ЕК: Как вы считаете, благодаря чему поляки одержали победу в этом противостоянии с коммунистической системой?
ХК: Благодаря чему? Я хочу в первую очередь о нашем народе. Когда нам, полякам, плохо, когда кто-то нас обижает, мы объединяемся, становимся друг возле друга. Вспомните ситуацию, когда умер папа-поляк Иоанн Павел II. Тогда мы тоже были как один, были братьями, вместе скорбели. В такие минуты не имело значения, какие у тебя политические предпочтения, за кого ты голосовал: «Право и справедливость» Ярослава качиньского, за «Союз левых демократов», «Гражданскую платформу» или еще кого-то. Не имело значения бедный ты или богатый. Мы просто были вместе. Похожая ситуация была, когда Кароля Войтылу выбрали папой. Тогда был момент радости, гордости за наш народ. Каждая революция, забастовка нас также объединяла. 68-ой год, 70-ый – до «Солидарности» мы также были вместе. Мы победили и благодаря опыту предыдущих поражений, мы знали, что нельзя повторять ошибки 68-го и 70-го. С сегодняшней перспективы я даже не представляю себе, что должно произойти, чтобы мы вновь так объединились как народ. В голову приходят плохие мысли и сценарии, но об этом даже не хочется думать.

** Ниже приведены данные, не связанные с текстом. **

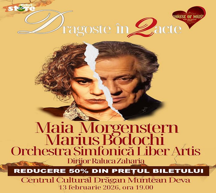 ACTUALITATESTIRI INFO HD 1 REDUCERE SPECIALĂ DE 50% 10 februarie 2026 Petru Meszaros „Dragoste în 2 acte (și un bis)”cu Maia Morgenstern și Marius Bodochi

ЕК: Вы, те кто, стоял во главе «Солидарности», сейчас иногда встречаетесь вместе?
ХК: 12, 13 или даже 14 лет назад такое произошло. Нас пригласили на телевидение. Что правда, не было с нами Леха Валенсы. Он уехал за границу. Был такой проект «Ночь Солидарности». Мы все сидели за одним столом: Анджей Гвязда, покойная уже Анна Валентинович, Богдан Борусевич, Алина Пеньковская, Геремек, Тадеуш Мазовецкий и другие - все. Мы просто сидели, разговаривали, вспоминали. Вы знаете, это был самый прекрасный день в моей жизни. После каждой революции люди расходятся, начинают спорить, говорить о том, кто и что сделал, говорить о заслугах, обижаться друг на друга. Для меня не имеет значения, кто в какую партию потом пошел, какие идеи начал проповедовать. Я их ценю и уважаю. Мы вместе пережили настолько важные моменты! Благодаря этим людям и тому, что произошло в Польше я почувствовала себя свободным человеком, поняла, что такое свобода, независимость. Такое не забывается и это намного важнее всего остального. Это не только мои ощущения и воспоминания. Мы, поляки, как народ хотели тогда свободы. Мы мечтали о ней, она была нашей целью, нашей миссией. И именно это нас объединило.